Diluted market cap at 10.5 cps = $7.3. 

Cash per Sep Quarterly less drilling activity is 2m. Gives an EV of approx $5.3m

So low cap explorer with good land holding in WA. 2008 will be a key drilling year for PEK with drill targets identified and 400k committed to drilling program in Dec07 alone. Listed Dec 2006 so results will be expected of mgt. Top 20 own 51%. Worth a look even though announcement action looks like it will be end of Q1 2008. Hard to see it dropping much below a market cap of $5m!


----------



## greggy (14 October 2009)

Today I used my part profits on CYS options to buy into Peak Resources.
I bought 350,000 Peak Resources options. They expire at the end of next year with only 5c to pay.

PEK's market cap is only $10 million, the cheapest exposure in the Doolgunna area followed by CYS with a market cap of around $23 million. 

Peak Resources has today announced its agreed to place 10.6 million shares at an issue price of 8 cents per share to raise gross funds of approximately $850,000.

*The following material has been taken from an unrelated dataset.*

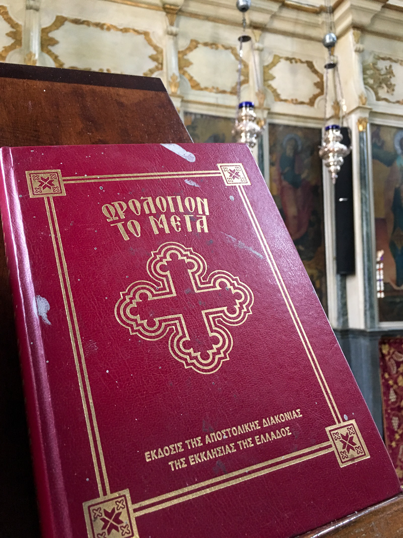 En sortant du site principal, nous avons trouvé facilement un peu plus loin l’église des dix martyrs : minuscule avec une dizaine de sièges seulement, et bâtie au-dessus de la crypte où reposent les reliques desdits martyrs. En revanche, nous avons cherché mais jamais trouvé le temple d’Apollon (demi-tour après avoir tenté à pied un chemin de campagne… et abouti devant un enclos à l’entrée matérialisée par un crâne de chèvre. Ouais, on va pas insister.)
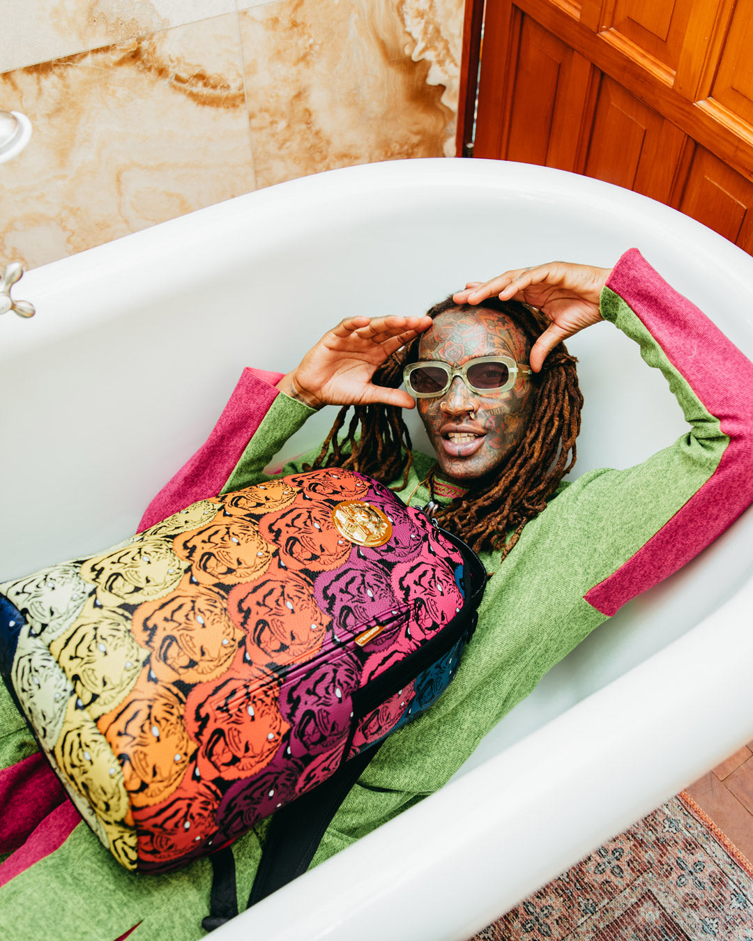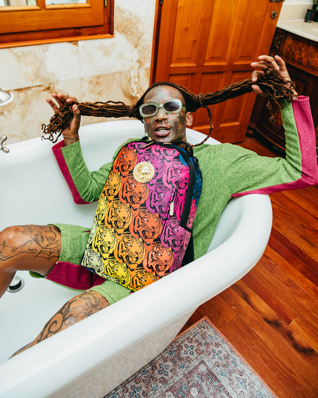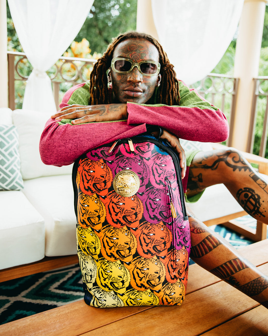 Dimensions: 18" x 6" x 11.5" • Front zipper pocket • Side pockets • Zippered Stash pocket • Separate velour sunglass compartment • Ergonomic mesh back padding • Adjustable Straps for custom sizing • Gold zippers with metal hardware • Metal "Sprayground Authentic" badge • Slide through back sleeve connects to carry-on luggage to free your hands

Shares are to be placed to a small number of qualified investors who are clients of Southern Cross Equities and Shaw Stockbroking.

Funds raised from the placement will be used to meet costs associated with upcoming exploration on the Company ¡ ¯s Three Rivers Project which is situated approximately 130km NNE of Meekatharra in Western Australia and adjacent to Sandfire Resources NL ¡ ¯s recent De Grussa and Conductor
1 discoveries. Funds will also be applied to meet costs associated with the Company's ongoing Tanzanian exploration programmes and working capital requirements
DYOR


----------



## swm79 (14 October 2009)

greggy said:


> Today I used my part profits on CYS options to buy into Peak Resources.
> I bought 350,000 Peak Resources options. They expire at the end of next year with only 5c to pay.
> 
> PEK's market cap is only $10 million, the cheapest exposure in the Doolgunna area followed by CYS with a market cap of around $23 million.
> ...




How did you buy the options?

They don't come up as a listing... actually there is PEKO but states that it cannot be found


----------



## greggy (14 October 2009)

swm79 said:


> How did you buy the options?
> 
> They don't come up as a listing... actually there is PEKO but states that it cannot be found



Hi swm79,

Peak Resources (PEK) options do exist. Please try PEKOA. I bought them earlier this afternoon.
DYOR


----------



## greggy (16 October 2009)

rang Mark Maine, MD of PEK, after 6pm on Wednesday night to speak to him about the company.
I informed him that the company had maintained a low profile compared to other companies in the Doolgunna area. Mark told me that they initially had a very cautious view of the SFR discovery and that Tanzania had been a higher priority.
With the funds from the placement, this is about to change. He said that there will be an update given very soon, as early as next week, in relation to a ramp up of its exploration program at its Doolgunna prospect. Over the coming weeks there will also be news on its African projects. 
There has been strong interest in its Doolgunna prospect from a number of brokers including Southern Cross, Shaw and Patersons and he's also noted both CYS's and ALY's strong rise of late in particular.
Mark says the company is cashed up and will not need a further injection of funds for quite a while.
Mark says the board will be increasing its PR work in order to make the market aware of its various interests, the 3 Rivers Project in particular. There has also been talk of both PEK and CYS exchanging information in relation to their Doolgunna prospects. May I speculate here by saying, Could it lead to a JV down the track?
Even though PEK has had a strong run of late, PEK still has a market cap of only around the $10 million mark and is the cheapest entry point to the Doolgunna area and is adjacent to SFR's tenements in the region.
DYOR


----------



## greggy (19 October 2009)

In my last post on this forum, I would like to highlight PEK's potential in one overall summary.
Here it goes.

The Three Rivers Project is located approximately 130km NNE of Meekatharra in Western Australia.
Peak Resources Three Rivers Project lies between the project of the same name held by Alchemy Resources and to the west of Sandfire Resources NL’s tenements which contain the recently De Grussa and Conductor 1
copper gold discoveries. ALY and SFR have both had amazing runs. It might not be much longer until PEK joins the party.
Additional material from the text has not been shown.